(Records supplied begins)

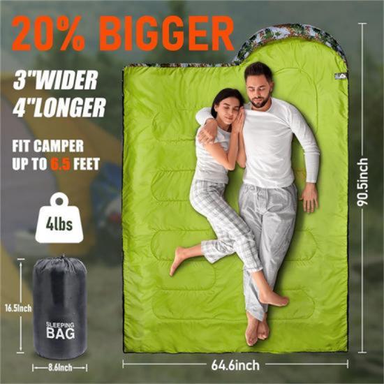 Mit den Maßen 230 x 85 cm ist dieser tragbare Flüchtlingsschlafsack dick und groß genug, um nur 3 kg zu wiegen. Die beiden Einzelschlafsäcke sind geräumig und komfortabel und verfügen über zwei 183 x 55 cm große Memory-Schaum-Isomatten für ein warmes und komfortables Schlaferlebnis. Der tragbare Flüchtlingsschlafsack wird mit einem Kompressionssack geliefert, und die Schaumstoff-Isomatten sind mit zwei elastischen Bändern ausgestattet, die komprimierbar und leicht zu verstauen und zu tragen sind.
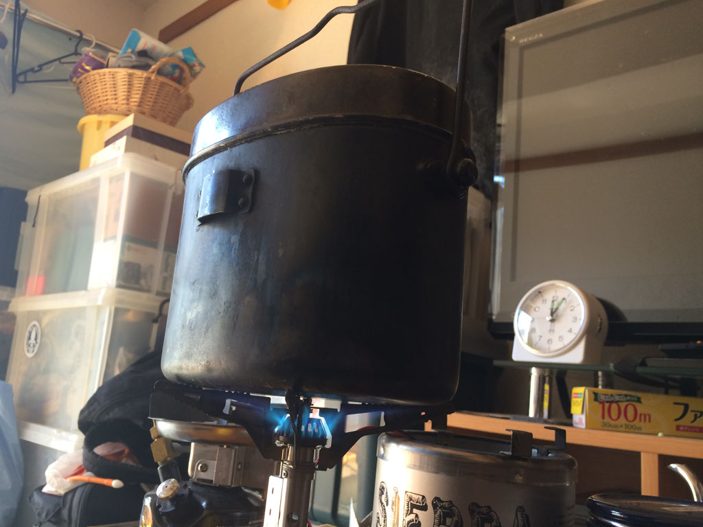 時代は下って、飯盒が日本でも使われる様になった時代、まだまだ料理はカマドで行われる事が一般的でしたし、ましてや軍隊が飯盒で炊事をするのは、戦地や演習、すなわち野外でしたから、薪を使って直火で使うのが前提でした。故に「飯盒炊爨」という熟語になった訳です。
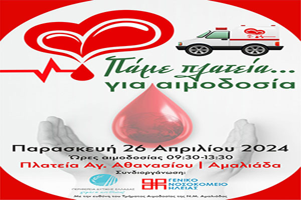 Π.Ε. Ηλείας: «Πάμε πλατεία… για αιμοδοσία» στην Αμαλιάδα
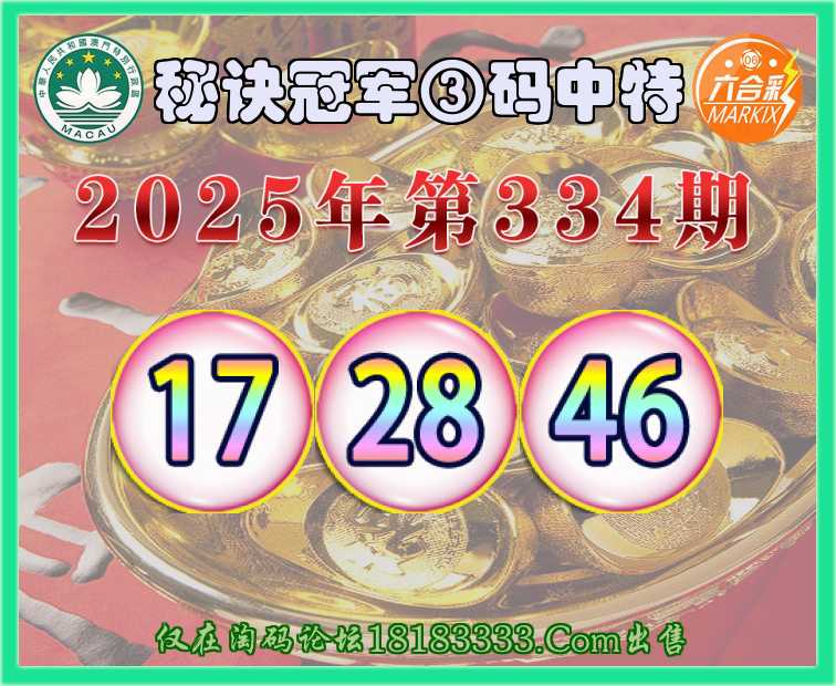 334期:【秘诀冠军】 ③码中特【17.28.46】开:46准
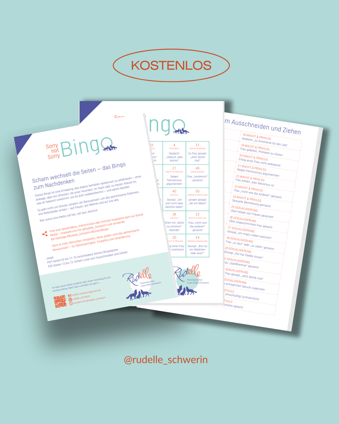 Dieses Bingo lädt dazu ein, gemeinsam über alltägliche Momente weiblicher Scham zu sprechen – ehrlich, spielerisch und solidarisch. Ob unter Freundinnen, Kolleginnen oder im Familienkreis: Kreuze die Situationen an, die du selbst schon erlebt hast – und erkenne, wie oft wir uns klein machen, anpassen oder entschuldigen.
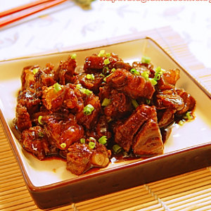 锅内留少许油,下葱姜爆香,放入炸好的小排翻炒,倒入做法(三)的调料,快迅炒制至调料完全吸附在小排上,淋入明油,起锅即成。
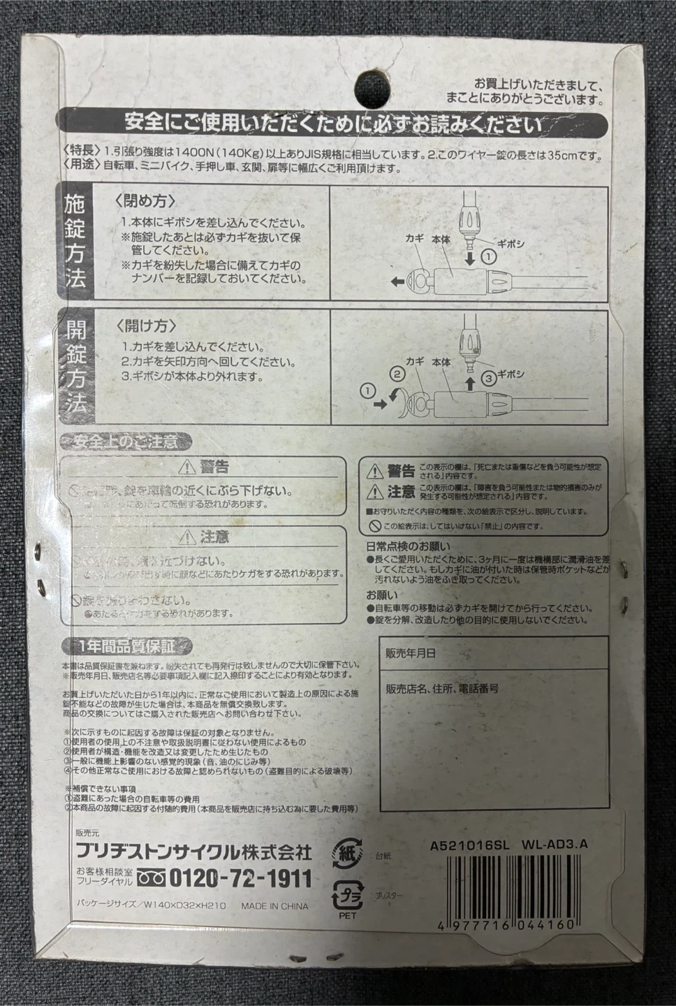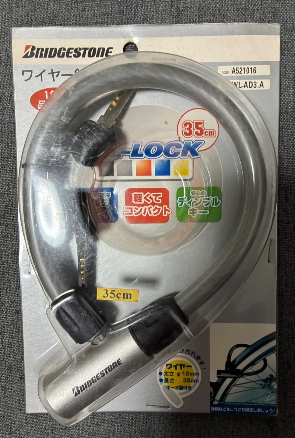 ブリヂストンのワイヤーロックです。 【情報】 ブランド:ブリヂストン 種類:ワイヤーロック サイズ:35cm 型番:A521016 WL-AD3.A ⚠️新品・未使用品ですが長期保存の為、箱やパッケージに色あせ、傷、汚れがあります。 【状態】 新品、未使用 【付属品】 キー3個 一応中古品であることご了承ください

(Records supplied ends)

» Problem to solve
Every line of the listing above is to be set down verbatim, without the pictures.

» Answer section
 Mit den Maßen 230 x 85 cm ist dieser tragbare Flüchtlingsschlafsack dick und groß genug, um nur 3 kg zu wiegen. Die beiden Einzelschlafsäcke sind geräumig und komfortabel und verfügen über zwei 183 x 55 cm große Memory-Schaum-Isomatten für ein warmes und komfortables Schlaferlebnis. Der tragbare Flüchtlingsschlafsack wird mit einem Kompressionssack geliefert, und die Schaumstoff-Isomatten sind mit zwei elastischen Bändern ausgestattet, die komprimierbar und leicht zu verstauen und zu tragen sind.
 時代は下って、飯盒が日本でも使われる様になった時代、まだまだ料理はカマドで行われる事が一般的でしたし、ましてや軍隊が飯盒で炊事をするのは、戦地や演習、すなわち野外でしたから、薪を使って直火で使うのが前提でした。故に「飯盒炊爨」という熟語になった訳です。
 Π.Ε. Ηλείας: «Πάμε πλατεία… για αιμοδοσία» στην Αμαλιάδα
 334期:【秘诀冠军】 ③码中特【17.28.46】开:46准
 Dieses Bingo lädt dazu ein, gemeinsam über alltägliche Momente weiblicher Scham zu sprechen – ehrlich, spielerisch und solidarisch. Ob unter Freundinnen, Kolleginnen oder im Familienkreis: Kreuze die Situationen an, die du selbst schon erlebt hast – und erkenne, wie oft wir uns klein machen, anpassen oder entschuldigen.
 锅内留少许油,下葱姜爆香,放入炸好的小排翻炒,倒入做法(三)的调料,快迅炒制至调料完全吸附在小排上,淋入明油,起锅即成。
 ブリヂストンのワイヤーロックです。 【情報】 ブランド:ブリヂストン 種類:ワイヤーロック サイズ:35cm 型番:A521016 WL-AD3.A ⚠️新品・未使用品ですが長期保存の為、箱やパッケージに色あせ、傷、汚れがあります。 【状態】 新品、未使用 【付属品】 キー3個 一応中古品であることご了承ください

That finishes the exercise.